INFORMATION PROVIDED:
***

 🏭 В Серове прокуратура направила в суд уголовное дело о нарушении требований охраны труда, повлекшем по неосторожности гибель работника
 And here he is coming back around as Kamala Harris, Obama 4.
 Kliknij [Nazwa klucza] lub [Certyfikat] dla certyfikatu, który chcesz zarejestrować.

***

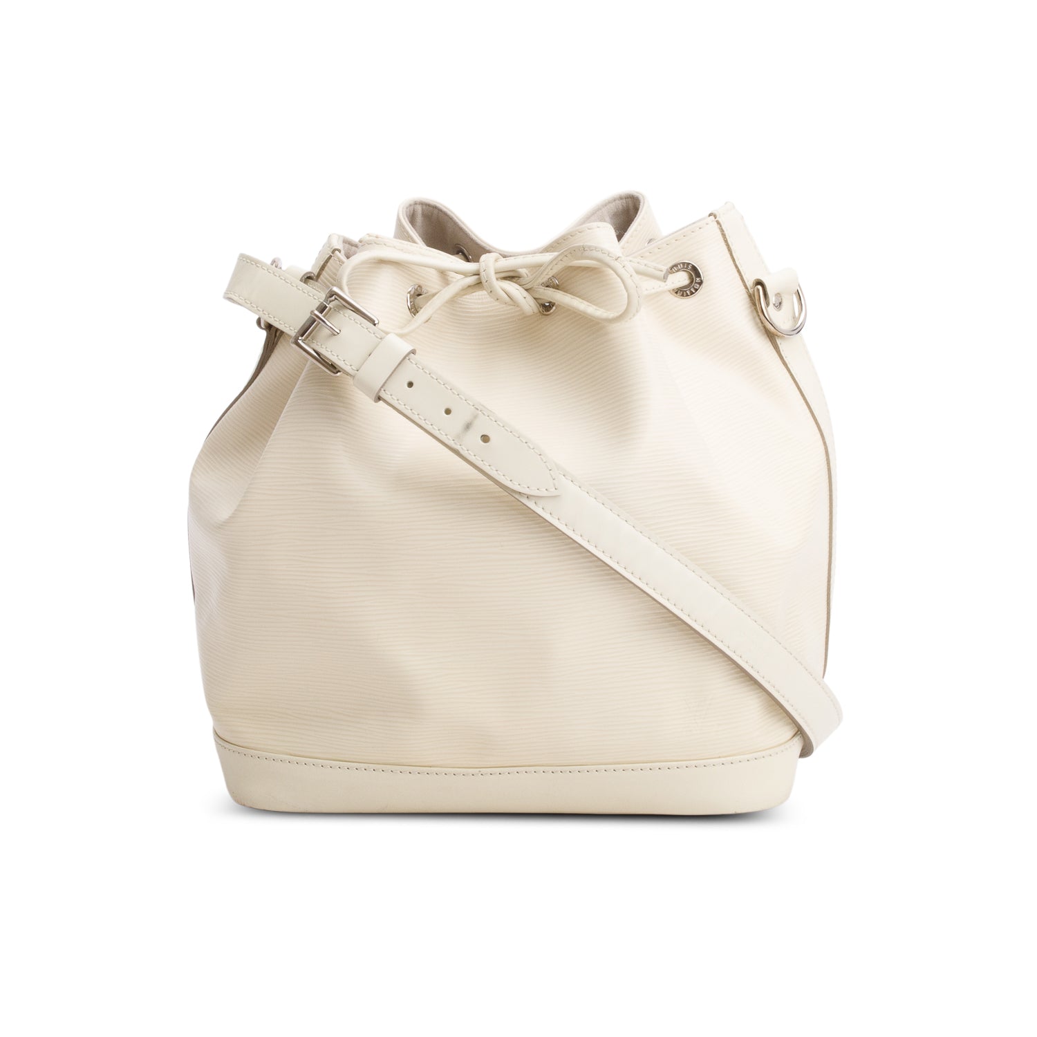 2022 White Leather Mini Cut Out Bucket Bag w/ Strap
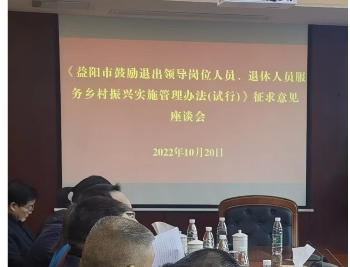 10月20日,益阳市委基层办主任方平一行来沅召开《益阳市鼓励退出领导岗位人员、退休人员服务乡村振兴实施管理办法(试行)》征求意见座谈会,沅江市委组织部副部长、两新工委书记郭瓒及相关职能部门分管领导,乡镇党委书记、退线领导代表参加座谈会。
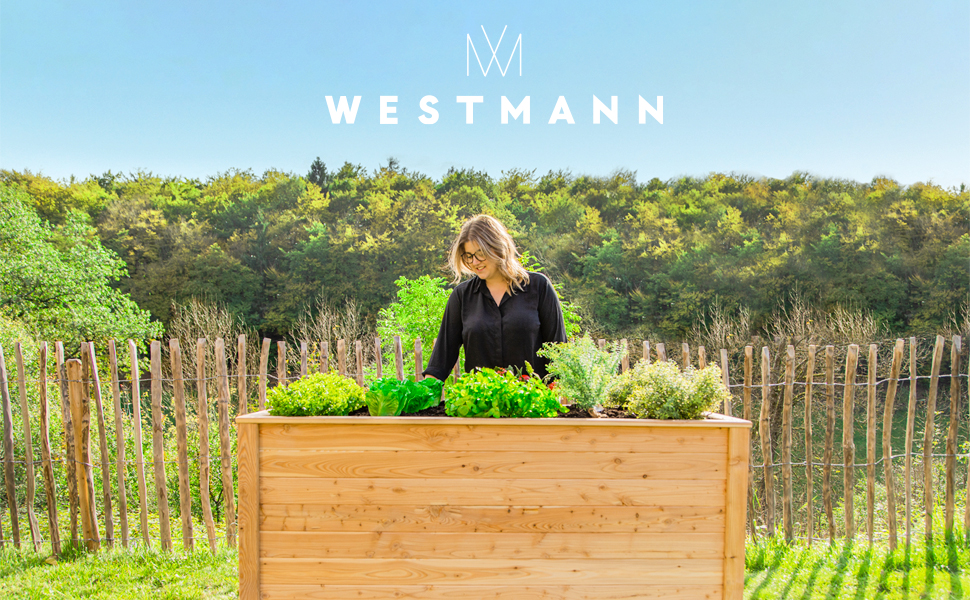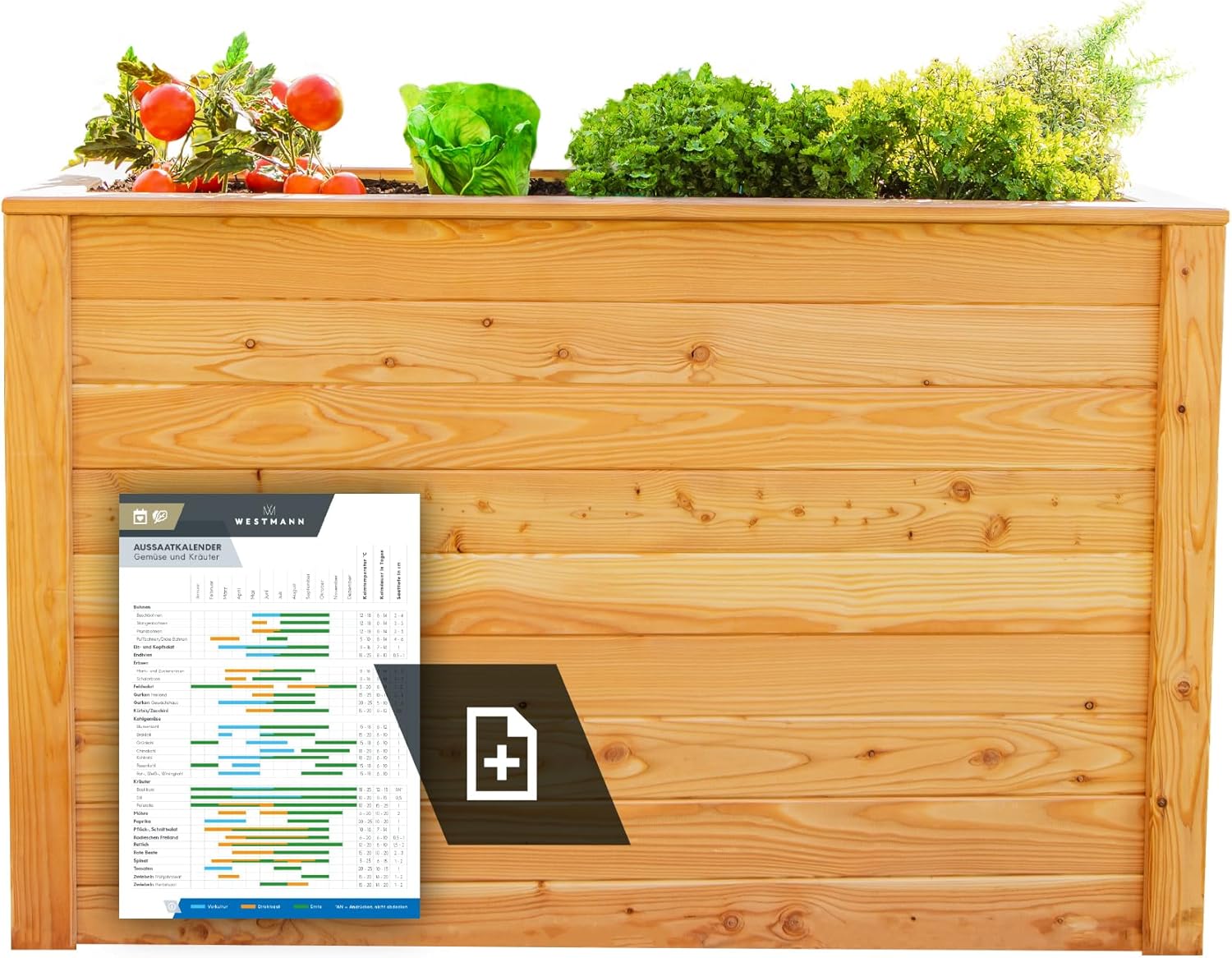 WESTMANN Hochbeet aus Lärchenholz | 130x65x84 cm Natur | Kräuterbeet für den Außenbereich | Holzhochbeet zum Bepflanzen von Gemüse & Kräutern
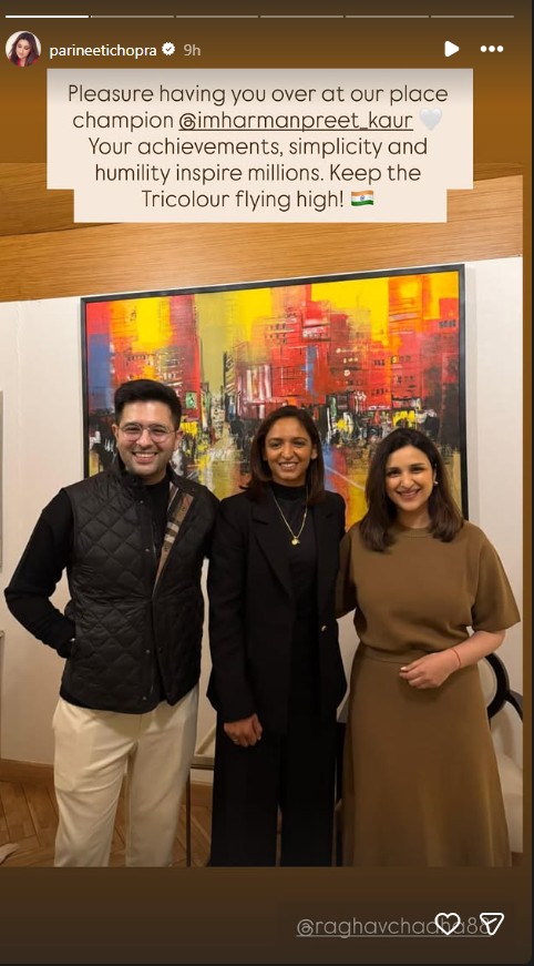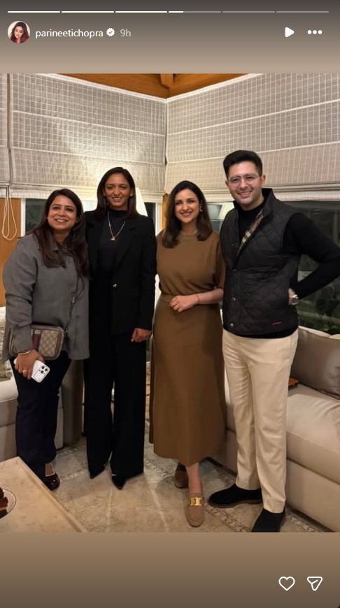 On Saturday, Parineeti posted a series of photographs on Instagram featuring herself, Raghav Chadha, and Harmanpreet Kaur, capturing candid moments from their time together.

***

Exact duplication is required for the lines above, from the line that contains "неосторожности гибель работника" to the line that contains "Kliknij [Nazwa klucza]", inclusive; omit all others.

 🏭 В Серове прокуратура направила в суд уголовное дело о нарушении требований охраны труда, повлекшем по неосторожности гибель работника
 And here he is coming back around as Kamala Harris, Obama 4.
 Kliknij [Nazwa klucza] lub [Certyfikat] dla certyfikatu, który chcesz zarejestrować.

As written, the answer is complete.